* **What you have to do**: Retype the opening lines of the listing below, ending with the line that contains "Optische Bauteile, etwa", and leave out any pictures.

* **Listed records**:
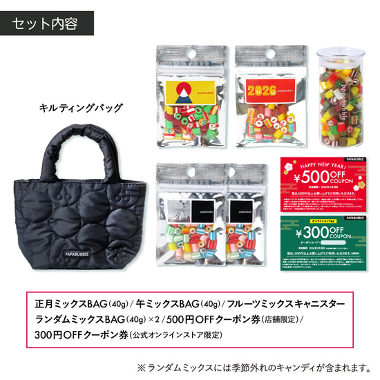 【内容量】キルティングバッグ:1個正月ミックス:1袋午年ミックス:1袋ランダムミックス:2袋キャニスターフルーツ:1個500円OFFクーポン:1枚
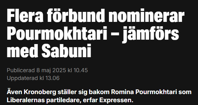 Oh boy, grabbar. Min omedelbara tanke var att det här borde, för de allra flesta, vara ett järtecken. Sabunis politiska karriär är för en utomstående inte något man skulle vilja ha i CVt – inte nödvändigtvis på grund av hennes insats, utan snarare känslan att hon kastats in som minoritetssäkrat människooffer för att genomföra Liberalernas kursändring från antiauktoritärt parti till samarbetsparti för Sverigedemokraterna. En kort och kontroversiell tid i rampljuset, bara för att sedan ersättas med en menlös korvätarfarbror.
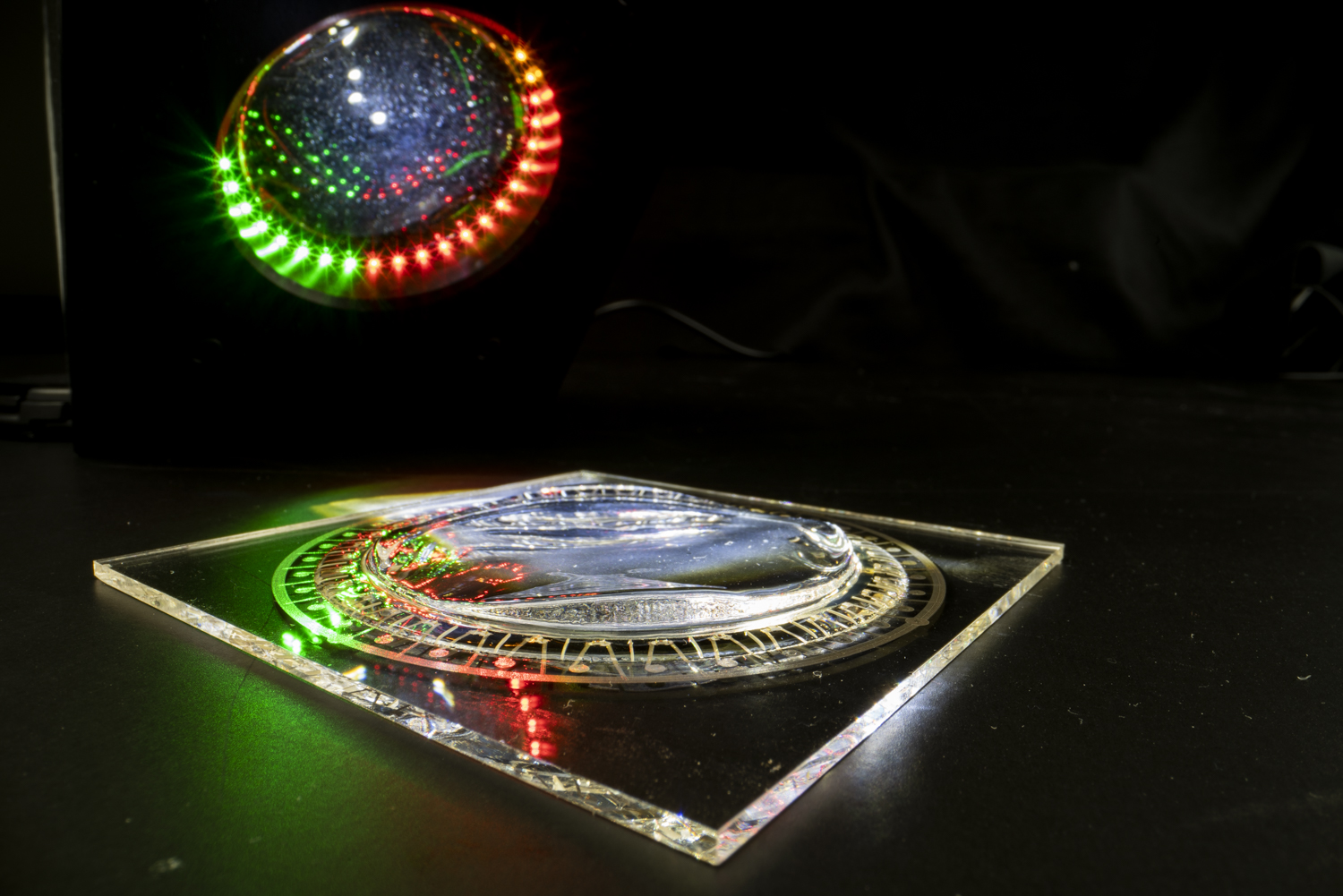 Optische Bauteile, etwa Scheinwerferoptiken für Autos, werden üblicherweise aus Glas oder Kunststoff geschliffen. Mit den neuen Technologien des Leitprojekts »Go Beyond 4.0« lassen sich nun auch frei geformte Optiken herstellen, die in einem Element statt der Eigenschaft einer Linse die Eigenschaften von drei Linsen vereinen. In diese Freiformoptiken können gleichfalls Leuchtdioden und damit Signalfunktionen integriert werden. »Auf diese Weise lassen sich komplexe optische Elemente herstellen, die bisher gar nicht denkbar waren«, sagt Baumann. Im Fokus stehen vor allem neue Anwendungsmöglichkeiten: Freiformoptiken könnten Informationen vom Auto aus auf die Straße projizieren, beispielsweise ein Stopp-Schild, bevor das reale Stoppschild zu sehen ist. Die nötigen Informationen könnte das Auto aus dem Internet oder aus der Netzumgebung beziehen.
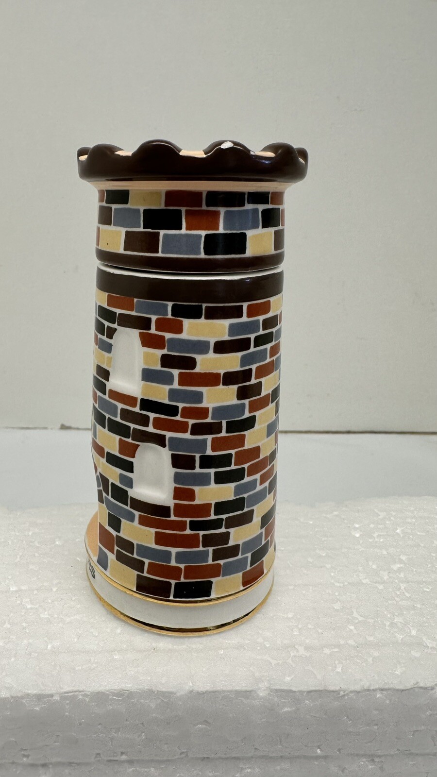 The Danbury Mint Spices of the World Cloves Irish Castle Tower from 1990 is a small porcelain spice figurine standing 4 inches tall. This multicolored item features a castle tower design, signed by the brand, and part of a collection representing spices from around the world. With a 1990s style, it showcases intricate details like the castle subject and measures 2 inches in length and 1.5 inches in width. Perfect for collectors of decorative figurines or culinary-themed items, this unique piece adds charm to any display.
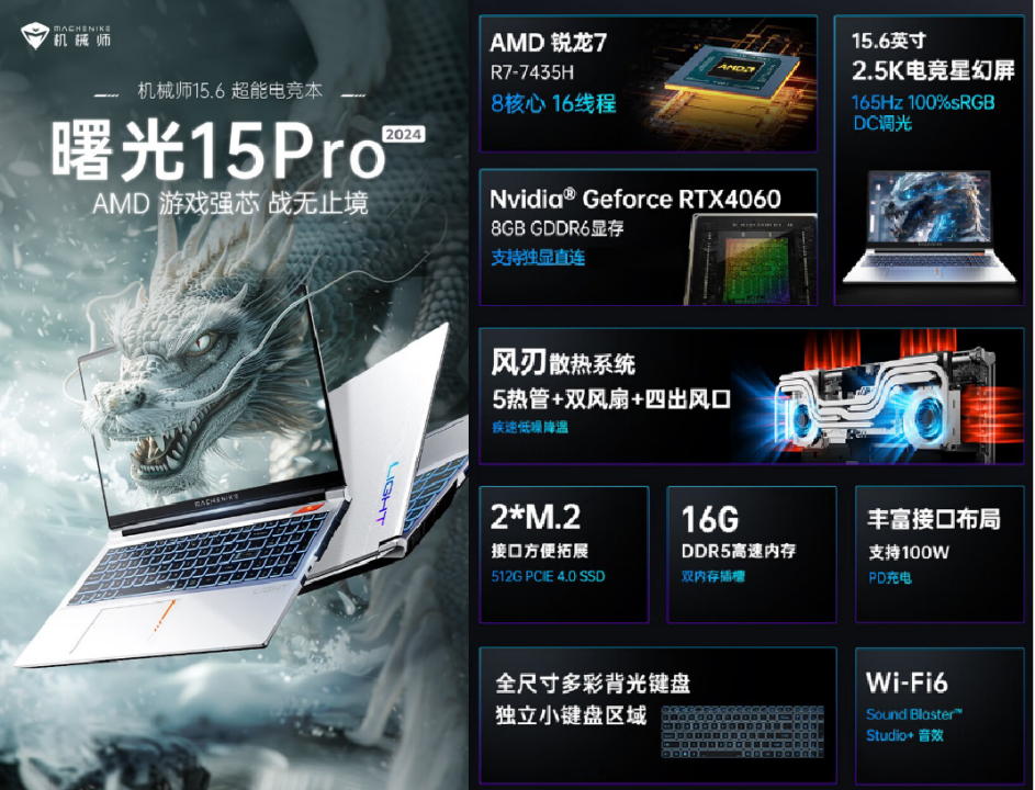 曙光15Pro 2024,凭借其强大的内核、卓越的显示效果及人性化的外观设计,无疑是追求性能与体验平衡用户的理想之选。更多产品详情,敬请访问机械师京东自营官方旗舰店。更多新品资讯、产品官方信息,可关注机械师官网QQ交流群入口(https://www.machenike.com/qqun),开启属于您的玩酷电竞的新篇章。

* **Response to this exercise**:
 【内容量】キルティングバッグ:1個正月ミックス:1袋午年ミックス:1袋ランダムミックス:2袋キャニスターフルーツ:1個500円OFFクーポン:1枚
 Oh boy, grabbar. Min omedelbara tanke var att det här borde, för de allra flesta, vara ett järtecken. Sabunis politiska karriär är för en utomstående inte något man skulle vilja ha i CVt – inte nödvändigtvis på grund av hennes insats, utan snarare känslan att hon kastats in som minoritetssäkrat människooffer för att genomföra Liberalernas kursändring från antiauktoritärt parti till samarbetsparti för Sverigedemokraterna. En kort och kontroversiell tid i rampljuset, bara för att sedan ersättas med en menlös korvätarfarbror.
 Optische Bauteile, etwa Scheinwerferoptiken für Autos, werden üblicherweise aus Glas oder Kunststoff geschliffen. Mit den neuen Technologien des Leitprojekts »Go Beyond 4.0« lassen sich nun auch frei geformte Optiken herstellen, die in einem Element statt der Eigenschaft einer Linse die Eigenschaften von drei Linsen vereinen. In diese Freiformoptiken können gleichfalls Leuchtdioden und damit Signalfunktionen integriert werden. »Auf diese Weise lassen sich komplexe optische Elemente herstellen, die bisher gar nicht denkbar waren«, sagt Baumann. Im Fokus stehen vor allem neue Anwendungsmöglichkeiten: Freiformoptiken könnten Informationen vom Auto aus auf die Straße projizieren, beispielsweise ein Stopp-Schild, bevor das reale Stoppschild zu sehen ist. Die nötigen Informationen könnte das Auto aus dem Internet oder aus der Netzumgebung beziehen.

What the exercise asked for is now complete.